Bei der Fettleber-Hepatitis sind die leberspezifischen Enzyme im Blut erhöht. So zeigen sich im Blut erhöhte Cholestase-Parameter, insbesondere Gamma-GT ist erhöht. Auch die Transaminasen sind vermehrt im Blut zu finden. Gegebenenfalls kommt es zu einer geringen Erhöhung der Leukozyten. Ebenfalls ist eine Erhöhung des C-reaktiven Proteins denkbar. Das C-reaktive Protein (CRP) ist ein unspezifischer Entzündungsmarker, das bedeutet, CRP steigt an, wenn im Körper eine Entzündung ist. Mit dem CRP lässt sich die Entzündung aber nicht genau lokalisieren.

Zur Routinediagnostik gehört auch eine Ultraschalluntersuchung. Gegebenenfalls wird die Diagnostik durch Sondenultraschall oder Magnetresonanztomografie ergänzt. Die histologische Sicherung der Diagnose erfolgt mittels Leberpunktion mit Entnahme einer Gewebeprobe. Eine Unterscheidung zwischen alkoholbedingter Fettleberentzündung und nicht-alkoholbedingter Fettleberentzündung kann so allerdings nicht getroffen werden. Dies geschieht eher anhand der Blutwerte.

Behandlung und Therapie

Bei der alkoholischen Fettleber-Hepatitis ist Alkohol absolut kontraindiziert. Der absolute Verzicht auf Alkohol ist die wichtigste Therapiesäule.
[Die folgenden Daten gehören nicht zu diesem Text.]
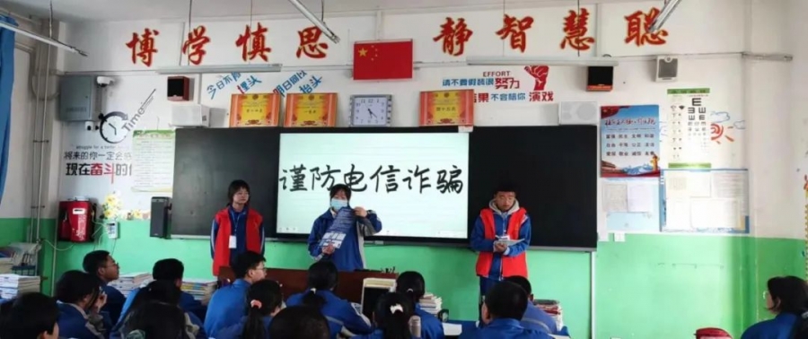 提醒广大师生一定要知道正确的防范方法、端正心态、不能存有侥幸心理,同时注意保护好个人隐私;在遇到电信诈骗时不要理睬,一旦上当受骗,应保存好相关证据,如联系电话、对方账户、转账凭证等、并立即向公安机关报案。通过宣传进一步增强了大家抵制电信诈骗违法犯罪活动的“免疫力”,为打击电信诈骗工作打下了坚实基础。下午班会课,各班充分利用主题班会,通过播放防范电信诈骗宣传片以及发放宣传资料等形式,对电信诈骗犯罪的主要作案形式和手段进行了宣传教育,同时针对当前犯罪分子借助手机、固定电话、网络等通信工具和网银技术实施的非接触式网络电信诈骗违法活动不断翻新各种花样的现象,进一步作了讲解和宣传,使学生掌握了电信诈骗案件的行骗手段和作案特点,提高了自我防范的能力,筑牢学生防电信诈骗的安全“防火墙”。

Solange die Leberzellen nur verfettet und noch nicht zirrhotisch umgebaut sind, kann das Organ sich noch regenerieren. Bei der NASH wird zunächst die Grunderkrankung therapiert. Bei Patienten mit erhöhten Blutfettwerten sollte die Ernährung umgestellt werden. Gegebenenfalls muss medikamentös mit Lipidsenkern eingegriffen werden.
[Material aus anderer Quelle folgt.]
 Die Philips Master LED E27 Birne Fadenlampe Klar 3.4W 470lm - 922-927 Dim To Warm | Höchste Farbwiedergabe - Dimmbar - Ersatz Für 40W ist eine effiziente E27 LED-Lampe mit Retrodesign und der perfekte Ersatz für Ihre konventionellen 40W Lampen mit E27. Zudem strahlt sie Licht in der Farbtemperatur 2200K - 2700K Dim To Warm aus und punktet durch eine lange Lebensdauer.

Diabetes-Patienten müssen besser eingestellt werden. Chronisch entzündliche Darmerkrankungen werden in der Regel mit Kortison behandelt. Zudem sollten sie ihr Gewicht reduzieren. Selbes gilt für übergewichtige Patienten. Die Gewichtsreduktion ist oft der entscheidende Faktor bei der Therapie der NASH. Einige Studien berichten, dass sich die Gaben von Vitamin E und Melatonin positiv auf den Verlauf der Steatohepatitis auswirken.

Bei fortschreitender Leberzirrhose verbleibt oft nur eine Lebertransplantation als Therapie. Die Lebertransplantation bei Fettleberhepatitis hat allerdings eine deutlich schlechtere Prognose als Lebertransplantationen bei anderen Lebererkrankungen. So leben bei anderen Lebererkrankungen noch 89 % der Patienten fünf Jahre nach der Transplantation. Fünf Jahre nach einer Transplantation aufgrund einer Steatohepatitis leben hingegen nur noch 72 % der Patienten.



Vorbeugung

Einer alkoholbedingten Fettleber-Hepatitis lässt sich einfach durch Alkoholkarenz vorbeugen. Die toxische Grenze von täglich 40 Gramm Alkohol bei Männern und 20 Gramm Alkohol bei Frauen sollte keinesfalls überschritten werden. Einer ernährungsbedingten Fettleberhepatitis lässt sich mit ausgewogener Ernährung und ausreichender Bewegung entgegenwirken. Diabetiker sollten darauf achten, dass ihre Blutzuckerwerte gut eingestellt sind.